Your task → Reproduce the data in full, exactly as given, leaving images out.

=== Dataset section ===

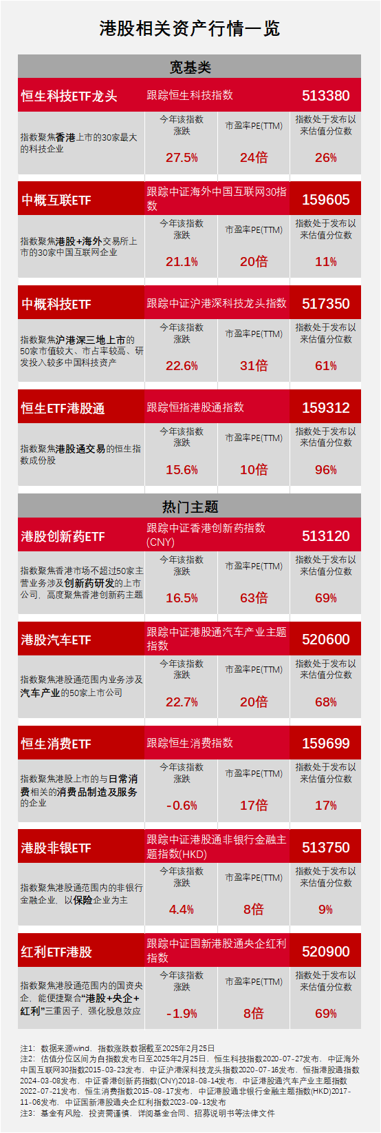对于港股走势,中信证券认为,即便在此轮港股上涨后,截至2月21日,目前恒生指数和恒生科技指数的动态PE分别为10.4/18.7倍,处于历史44.8%/30.7%分位数。而港股主要指数2025年的业绩预期在三季报后也呈现上修趋势,自去年11月底以来,Bloomberg一致预期显示,恒生科技的2025年收入和净利润预期分别上修了7.7%和6.2%。综合来看,在AI叙事持续催化、企业基本面预期上修、全球资金轮动的背景下,后续港股大概率将延续2024年以来的反转行情。
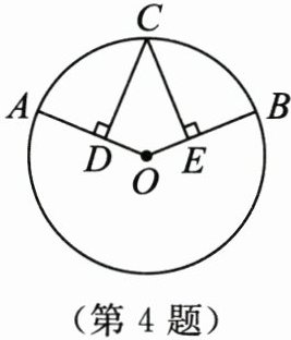 4. 如图,在$\odot O$中,$\widehat {AC}= \widehat {BC}$,$CD\perp OA$于点 D,$CE\perp OB$于点 E.求证:$CD= CE$.
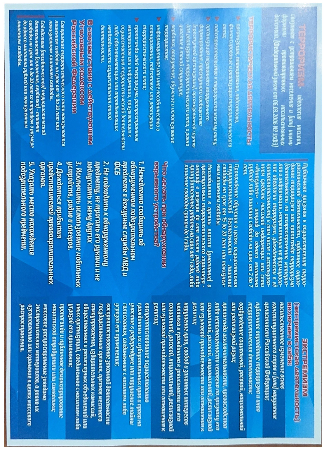 6. Не допускать распространения непроверенной информации о совершении действий, создающих непосредственную угрозу террористического акта.
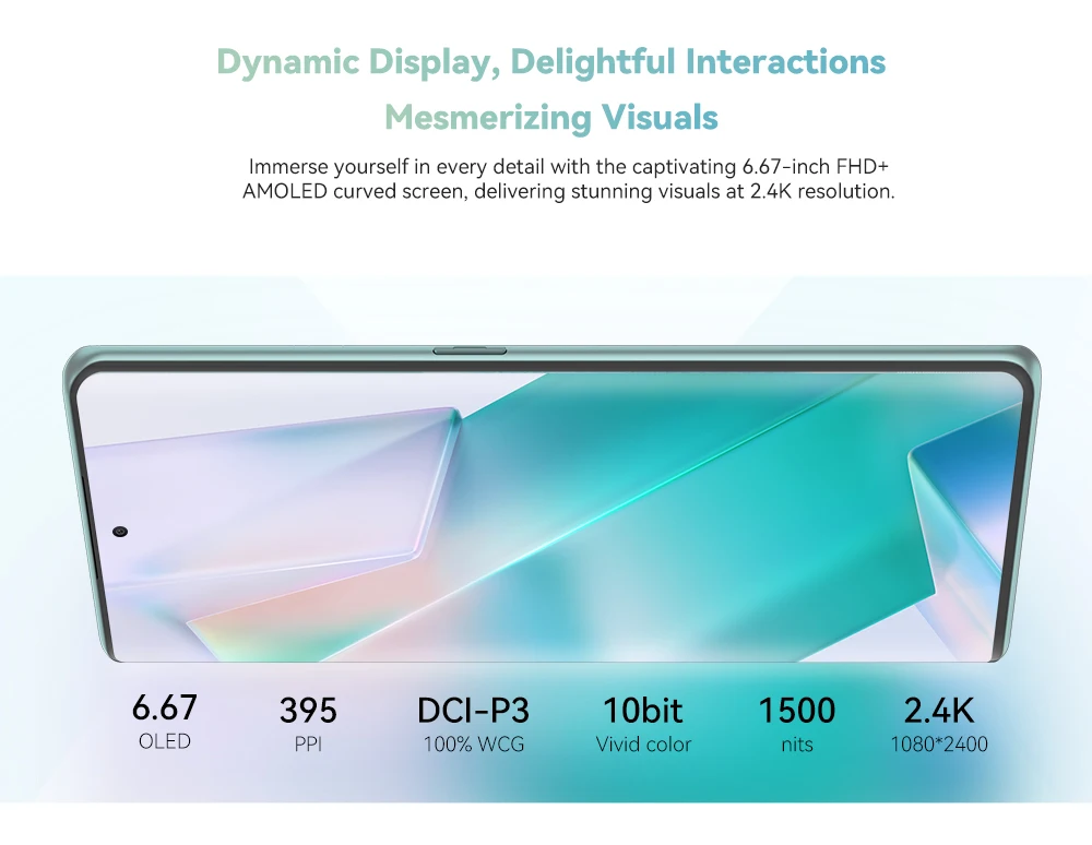 Sumérjase en cada detalle con la cautivadora pantalla curva FHD + AMOLED de 6,67 pulgadas, que ofrece imágenes impresionantes con una resolución de 2,4 K.

===

Solution for this exercise →
对于港股走势,中信证券认为,即便在此轮港股上涨后,截至2月21日,目前恒生指数和恒生科技指数的动态PE分别为10.4/18.7倍,处于历史44.8%/30.7%分位数。而港股主要指数2025年的业绩预期在三季报后也呈现上修趋势,自去年11月底以来,Bloomberg一致预期显示,恒生科技的2025年收入和净利润预期分别上修了7.7%和6.2%。综合来看,在AI叙事持续催化、企业基本面预期上修、全球资金轮动的背景下,后续港股大概率将延续2024年以来的反转行情。
 4. 如图,在$\odot O$中,$\widehat {AC}= \widehat {BC}$,$CD\perp OA$于点 D,$CE\perp OB$于点 E.求证:$CD= CE$.
 6. Не допускать распространения непроверенной информации о совершении действий, создающих непосредственную угрозу террористического акта.
 Sumérjase en cada detalle con la cautivadora pantalla curva FHD + AMOLED de 6,67 pulgadas, que ofrece imágenes impresionantes con una resolución de 2,4 K.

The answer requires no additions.